DATA =
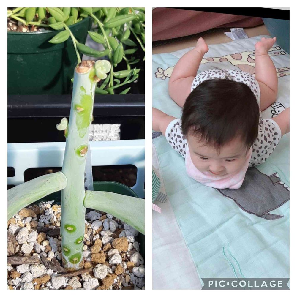 ⬅️徒長のパキフィツムの胴切り(長く茎を残すとどうなるか)した後 ベビーが出てきました😃🍀
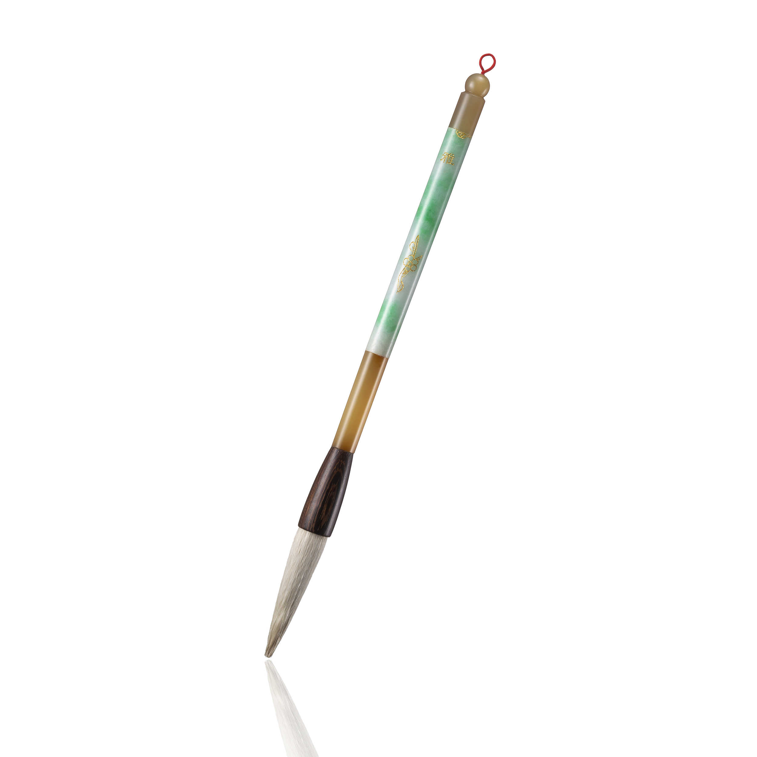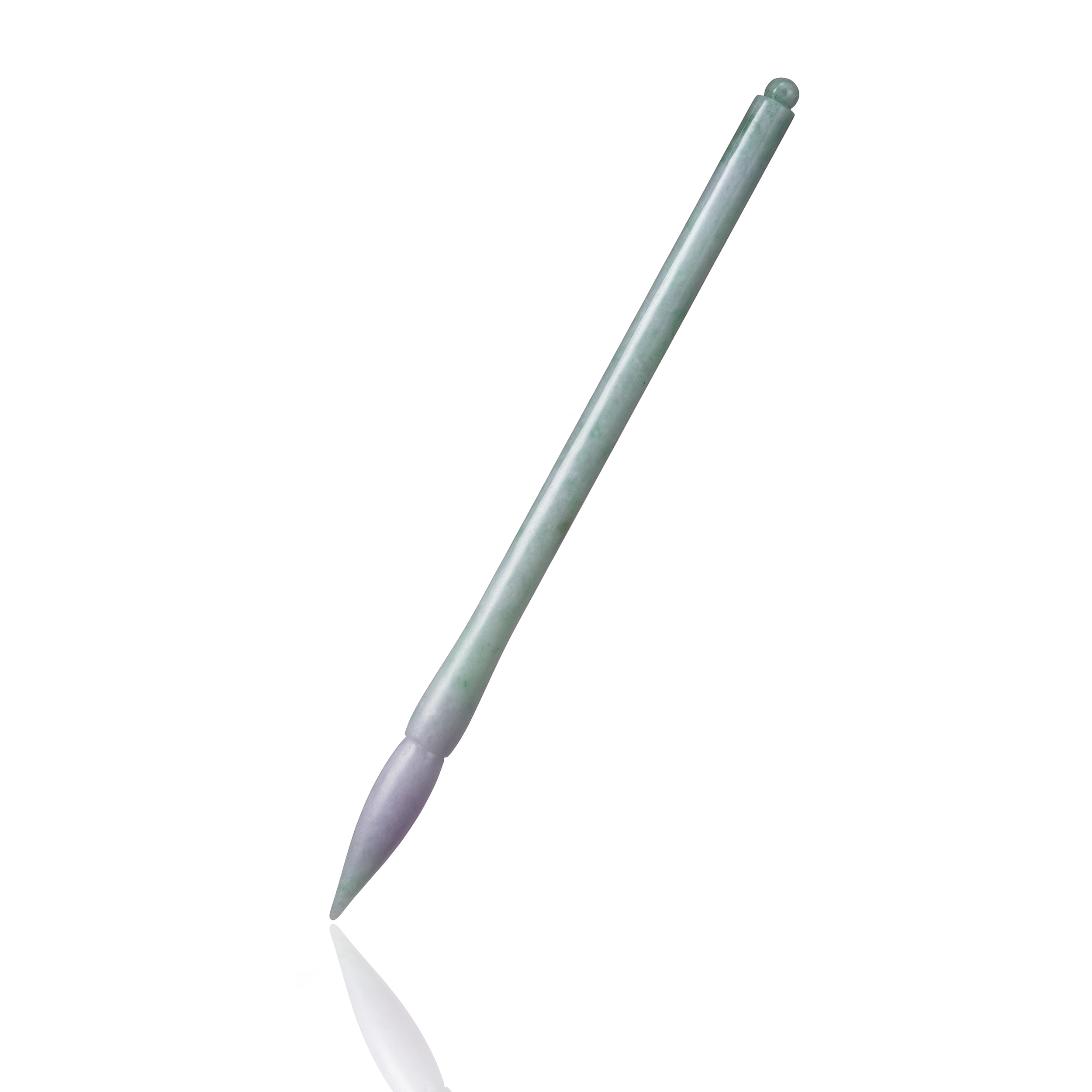 今以溫潤翡翠琢製為筆,翡翠本身的人文意蘊,即與文采情思有若合符節之妙,而筆的形制,無論是毛筆、鋼筆或翡翠筆管,再再都象徵著泉湧靈思,在字字珠璣之中,得以展現貫世的智慧。
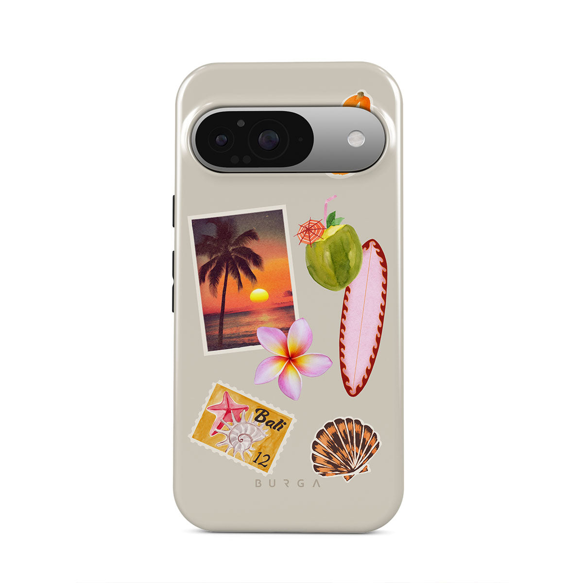 此設計特色:熱帶日落照片、木瓜、綠色椰子、粉色衝浪板、粉色雞蛋花、橙色貝殼、峇里島明信片

DIRECTIONS =
At the line containing "今以溫潤翡翠琢製為筆,翡翠本", start reproducing exactly, and stop after the last line of the listing; include both ends, and leave the pictures out.

TASK ANSWER =
 今以溫潤翡翠琢製為筆,翡翠本身的人文意蘊,即與文采情思有若合符節之妙,而筆的形制,無論是毛筆、鋼筆或翡翠筆管,再再都象徵著泉湧靈思,在字字珠璣之中,得以展現貫世的智慧。
 此設計特色:熱帶日落照片、木瓜、綠色椰子、粉色衝浪板、粉色雞蛋花、橙色貝殼、峇里島明信片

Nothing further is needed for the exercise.